I have read the journal’s policy and the authors of this manuscript have the following competing interests: I.S.Y.C. has a financial interest in CSL Behring and Calimmune Inc. J.W. has a financial interest in Vivibaba and The Regents have licensed intellectual property invented by J.W. to Vivibaba. Y.L. has a financial interest in Vivibaba and The Regents have licensed intellectual property invented by Y.L. to Vivibaba. No funding was provided by these companies to support this work.

Figures

**Fig 1. Infection occurs in the central nervous system (CNS) of infant rhesus macaques.**
11 one-month-old infant rhesus macaques were exposed to a single high dose SHIV_SF162P3 challenge by atraumatic oral inoculation. A) Correlation between SHIV_SF162P3 Gag RNA copies in plasma and CSF in infected infant rhesus macaques. The animals showing positive RNA copies in both plasma and CSF are included in the figure. Dotted lines indicate limits of detection. Each dot represents one animal, and all data are fitted by nonlinear log-log line regression. R² and p value indicate the fitness of Pearson correlation. Dotted lines indicate limits of detection. B) Correlation between SHIV_SF162P3 Gag RNA copies in CSF and vDNA copies in brain tissue. Animals showing positive RNA copies in both CSF and vDNA are included in the figure. Each dot represents one animal, and all data are fitted by nonlinear log-log line regression. R² and p value indicate the fitness of Pearson correlation. Dotted lines indicate limits of detection. C) Comparable viral DNA copies in microglia cells in five brain locations. The mean of vDNA copies in microglia from five brain locations are compatible. Data are shown as means ± s.d. of four animals. Statistical significance, compared with the vDNA in microglia from Frontal, was determined by two-tailed unpaired t test. ns: not significant. D) Inducible virus is correlated with vDNA in microglia. The inducible virus was detected viaTZA assay. IUPM, infectious units per million microglia cells. Primary microglia were stimulated with 20 ng/mL M-CSF and 25 ng/mL IL-10 for 5 days. Both Without and With Stimulation fit Pearson correlation. Without Stimulation: R² = 0.771, p = 0.1219; With Stimulation: R² = 0.9854, p = 0.0073.

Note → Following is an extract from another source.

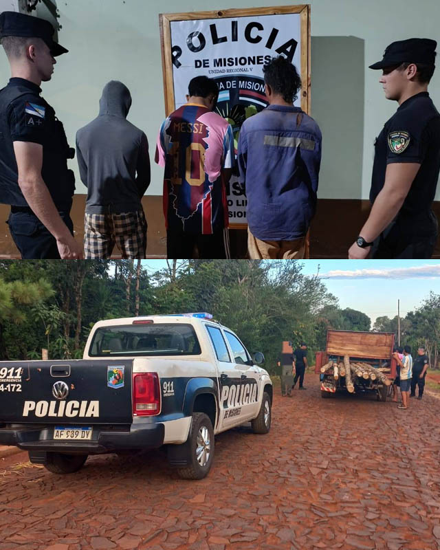 Tras el alerta, la policía realizó un operativo que permitió interceptar un camión Dodge 200 que transportaba la carga robada por un camino vecinal. Durante el procedimiento se detuvo a tres hombres de 18, 24 y 49 años y se secuestraron ocho rollos de madera y diversas herramientas utilizadas en el ilícito.

**Fig 2. The bNAb-based treatment impacts infection in blood but not in the CNS in infant rhesus macaques.**
14 one-month-old infant rhesus macaques were exposed to a single high dose SHIV_SF162P3 challenge by atraumatic oral inoculation and treated with bNAbs or cART+bNAbs with various doses and regimens at 48h post-infection (details in S1 Table). A) Viral RNA copies in plasma of infant rhesus macaques without treatment (Untreated) and treated with bNAbs or bNAbs+cART (Treated) at 48 h. Statistical significance was calculated to untreated group by two-tailed unpaired t test. **: P values < 0.0021. B) Comparison of correlations between viral RNA copies in plasma and CSF of Untreated and Treatment animals. Each dot represents one animal, and all data are fitted by nonlinear log-log line regression. Significance between the correlations of two groups is calculated by multiple regression model. There is no statistically significant difference between slopes (p-value = 0.4989).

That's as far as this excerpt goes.